Saturday 15 November 2014

Meeting Muir in Scotland












I was in Edinburgh last month -well, actually end September, and promise to write later about these very delightful, beautiful capital of Scotland at a later date.
What i must, must tell you all about is this wonderful, unexpected encounter i had with one of my 'heroes' during this trip (thank you Chevening & King's college).

I had done little homework (on things to do) before i came to Edinburgh..i kind of thought i would go with the flow. After all i barely had a weekend, one of which was taken up with a day-tour (avoidable, unless you like regimented sight-seeing). 
What i learnt during this tour (yeah, i was surfing the net, when Google uncle informed me that John Muir was born in Scotland. Did i hear you say: John Muir who?
Well, if you don't know who, you don't know me....

But in the interest of not losing all my friends, John Muir was one of the world's greatest naturalists. He was in the words of the Seira Club (which he founded in 1892): a farmer, inventor, sheepherder, naturalist, explorer, writer, and conservationist.


To me, he was the man who was the 'father of National Parks', that great visionary who thought of keeping wilderness, wild; of safegaurding our natural heritage for future generations. 
He was the man who said, "“The mountains are calling and I must go.” (this echoes in my heart…)
I also love this one: “The world, we are told, was made especially for man — a presumption not supported by all the facts.”  

(Looking up at John Muir's statue in his birthplace, Dunbar, Scotland....i have been doing this as far as i remember, since i knew of him, read him--tho i have read only a few)


Significantly, Muir was a key influence on President Theodore Roosevelt, who--and few know this--was a great naturalist and conservationist, and put this issue high on the national agenda. (Where are you, Roosevelt, we need you so!). As the story goes, Roosevelt read Muir’s work 'Our National Parks', and visited him in 1903, in Yosemite. And there, together, beneath the trees, they laid the foundation of Roosevelt's innovative and notable conservation programs.


How I wonder at such a leader, how I long for such wisdom in our leadership, how I wish I was born at that time…when governments led the conservation, when you did not fight governments to protect environment.

So when I learnt that Muir’s birthplace was here, in Dunbar, in Scotland…I simply had to go.

And I scurried over to Mike, the enthusiastic, chatty driver of our tour, and asked him how I could get to Dunbar.
Just an hour away, he said, to my immense delight. 

But why on earth do you want to go to Dunbar (just a tiny little place, ‘dead’ though beautiful , since it is on the coast, he said). Later, i learnt of another prime attraction, a run-down, ruined fort! and a very pretty, old church, which to the sorrow of the pastor was too 'new', built as recent as the 17th century! Well, it IS all relative, isn't it?


I told Mike about Muir, and he racked his brains, and thought, and pondered, before nodding his head. “Yeah, he said, there is a museum there.
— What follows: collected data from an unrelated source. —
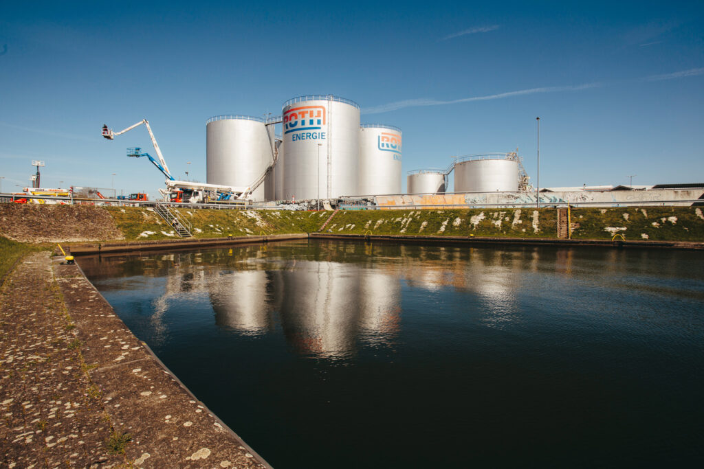 Ich erhasche eine Blick auf die riesige Flugzeugheckflosse, die den Parkplatz der Bremsen- und Räderwerkstatt der Lufthansa am Ende der Daimlerstraße einnimmt und verschwinde dann in dem schulterbreiten Durchgang namens Querstraße 80, der zum Hafenbecken führt. Ich umrunde das Hafenbecken mit Blick auf die Benzintanks von ROTH mit der tollen, blauroten Schrift auf silbernem Grund, gelange über die Querstraße 87 auf die Dieselstraße und gehe auf der rechten Straßenseite (wichtig!) bis vor zur Carl-Benz-Straße. An der Ecke Adam-Opel-Straße – bald habe ich alle Helden der deutschen Motorisierungsgeschichte beisammen – steht eine kleine Bude mit Spitzdach und Laubenanbau: „Le Berbére“ mit seinem Angebot nordafrikanischer Spezialitäten (u.a. frische Falafel) ist ein untrüglicher Hinweis auf die Existenz von Hipstern. Sie „verbergen“ sich wohl in einigen der umgebauten Fabrik- und Lagerhäuser und außerdem in dem die Kreuzung dominierenden UFO. Das gleichzeitig an Bauhaus und Brutalismus erinnernde Gebäude mit den drei runden Ecken und der maulartigen Öffnung zur Kreuzung beherbergte lange Zeit den Cocoon-Club von Technolegende Sven Väth, dessen gleichnamige Produktionsfirma ebenfalls im Haus residiert. Ich erklimme die Böschung des Ufoeingangs (toller Blick auf die weitläufige Kreuzung), gehe dann einmal um das Haus herum und anschließend die Adam-Opel-Straße entlang.
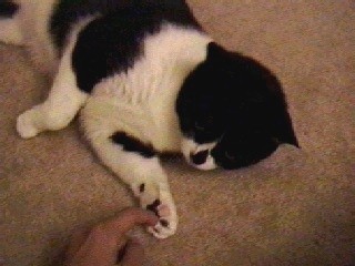 ペット用品屋さん(PETCOといってそこらじゅうにある)で、ネコタワーを買ってあげた。 マチエはすっかりお気に入りで、毎日そこでお昼寝をしている。 Los Gatosで買ってきたアメリカンな猫じゃらし(^-^;)でちょっかいを出してみた。 |
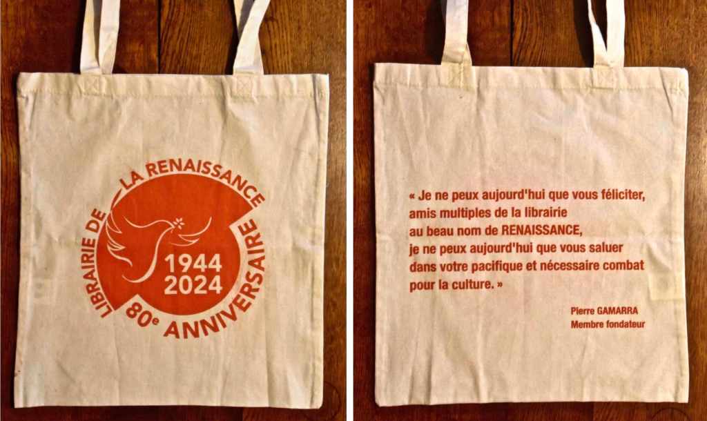La Librairie de la Renaissance, à Toulouse, fête ses 80 ans, en 2024. À cette occasion, ses animateurs ont fait fabriquer le sac de toile suivant :
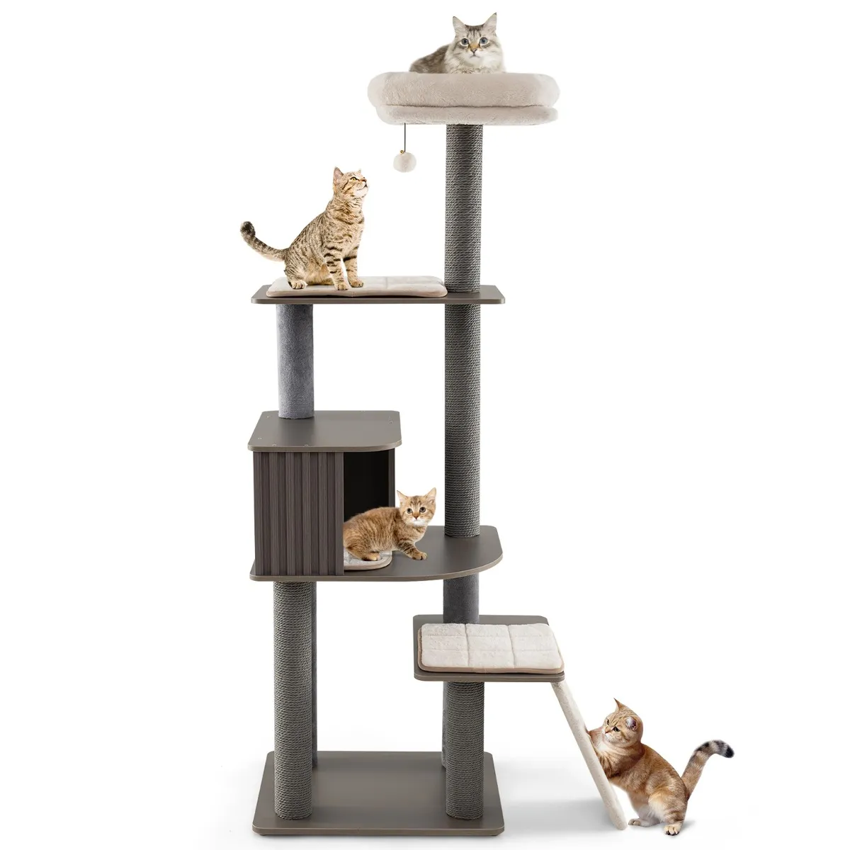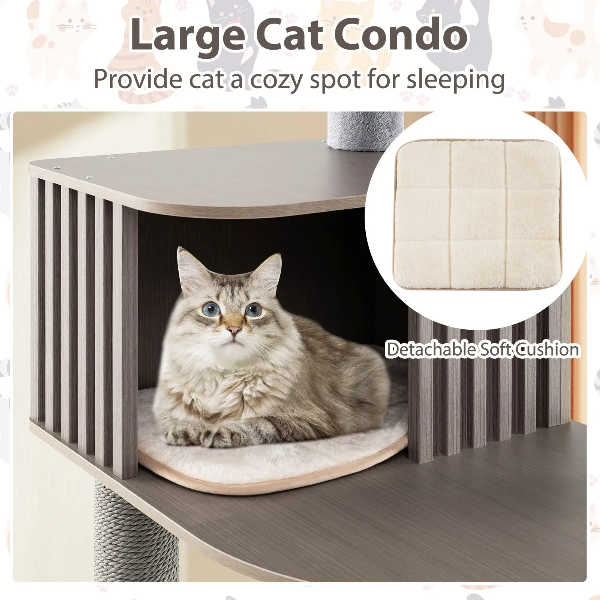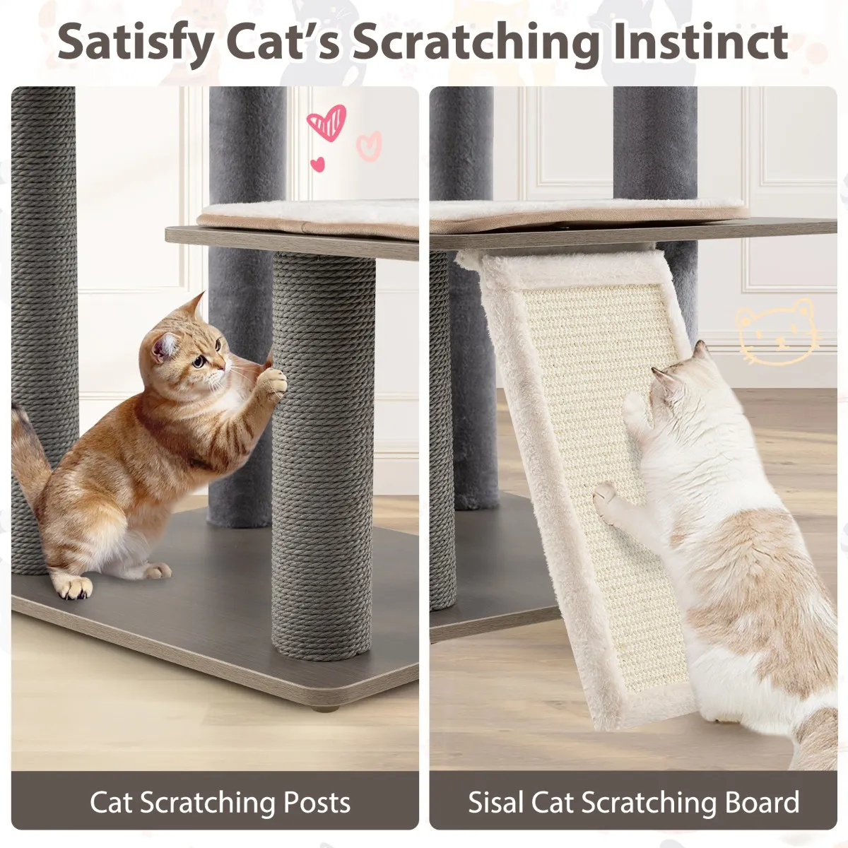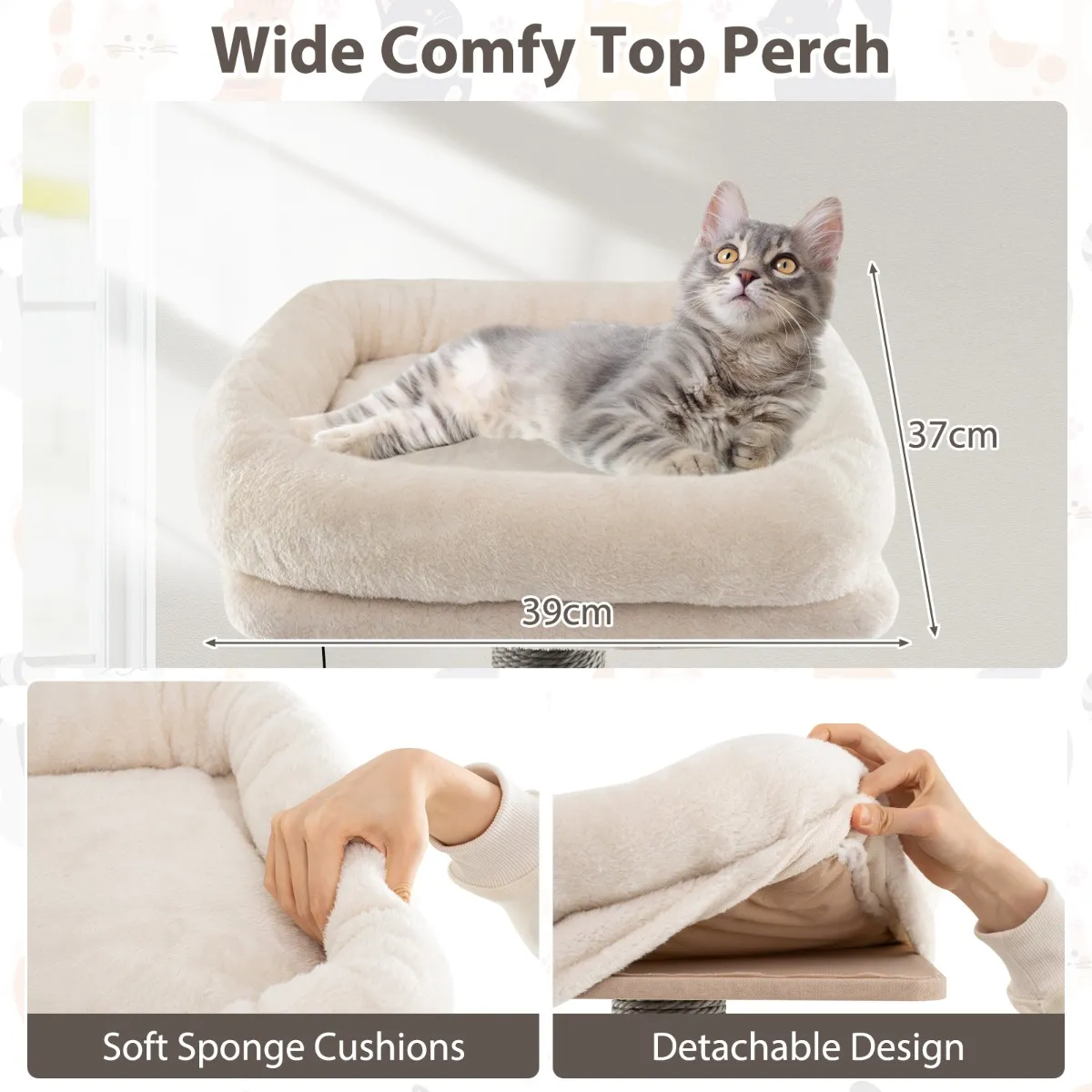 De grote condo biedt een knusse plek om te loungen en te schuilen, terwijl de brede zitstok met dikke badstof vulling een luxe plek biedt voor ontspanning en observatie. De afneembare kussens zijn ontworpen voor eenvoudig onderhoud en zijn ideaal om het hele jaar door te gebruiken. Het gladde oppervlak van de plank zorgt voor probleemloos schoonmaken. Met 6 klim- en ontdekniveaus maximaliseert deze ruimtebesparende krabpaal de verticale ruimte. Bovendien bevorderen de stevige krabpalen en de sisal krabplank een gezonde verzorging van de poten, en de speelse hangende pompon met bel bevredigt het natuurlijke instinct van je kat om te krabben, zich uit te rekken en te jagen.
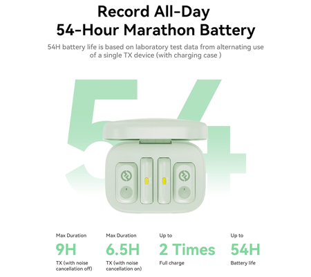 Delivering pristine 48 kHz/24-bit high-fidelity audio, the LARK A1 captures every nuance with precision. Its 3-level intelligent noise cancellation effectively reduces ambient sound, ensuring clear and natural audio. Users can further tailor their sound with adjustable EQ, reverb, and 6-level gain control, while the intelligent auto-limit function maintains consistent volume levels and prevents distortion. The clip-on mics feature a sleek, low-profile design, weighing just 0.3 oz, and offer flexible placement via hidden magnetic attachments. Thanks to the included charging case, the transmitters can be swapped on the go, enabling up to 54 hours of uninterrupted operation.
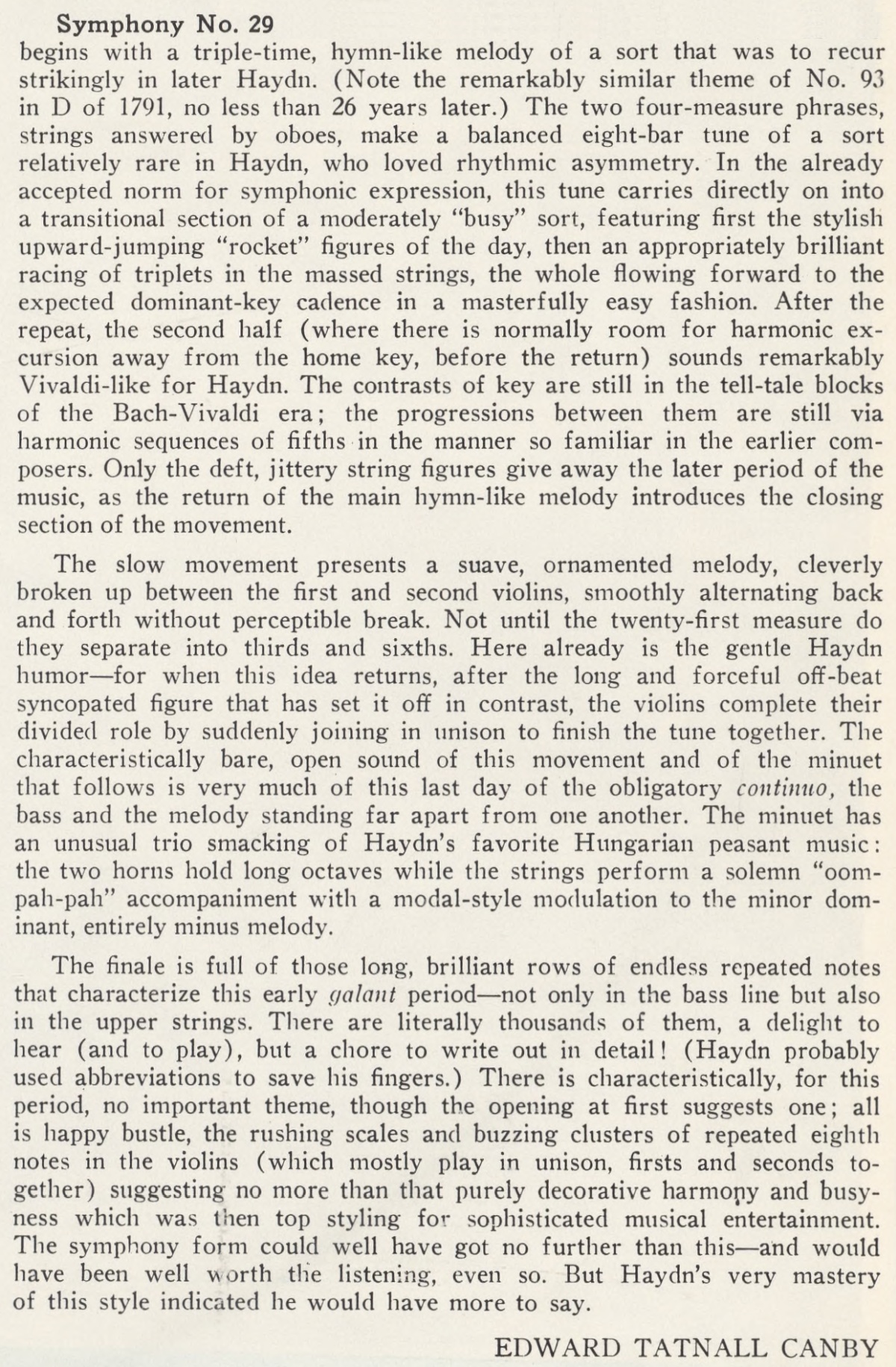 Joseph Haydn, Symphonie No 29 en mi majeur, Little Orchestra of London, Leslie Jones

He is something to do with nature, right?  But few people know about him, even , here in Scotland….”

Yes, few do. Sad, that while we lionise our warriors, we pay scant regard to those who battle and struggle to preserve the earth, and life around us.

Muir (1838-1914)  had left Dunbar for America as a child, and was America's most famous and influential naturalist and conservationist.
It is only in recent years that his home country has made efforts to conserve Muir’s legacy, and his birthplace-and home in Dunbar is now a museum (http://www.jmbt.org.uk/content/). And I was determined to go.


Even though we were to leave the next day, Sunday.

God bless my long-suffering friends Suman Sahoo and Shefali Juneja, both senior bureaucrats and my colleagues in the Chevening programme –who had no clue who (the hell) this Muir was. But in the face of my passion ate determination (I could see they were foxed!), dropped their plans for the day to accompany me. And off we went..
I, light of heart, giddy with anticipation—and somewhat guilty at dragging ‘em along, especially when we landed in this very sleepy (it was noon and everyone was asleep—or so it appeared. the market, cafes, everything was closed!
Including Muir’s museum. 
Learnt it would open at one, giving me the grand total of five minutes to visit in, if we were to catch the bus to Edinburgh, to get back to London.



Well, to cut a long story short, it was a short-short visit, but I am so very glad I went..it is always so inspiring to be in the company of great men (and women), even if only in spirit.
Being there...reading him, reinforced to me the Power of One.  
One man can change the world. Gandhiji 's life was that message.
And there are others. 
Muir is one such man.





“Everybody needs beauty...places to play in and pray in where nature may heal and cheer and give strength to the body and soul alike.”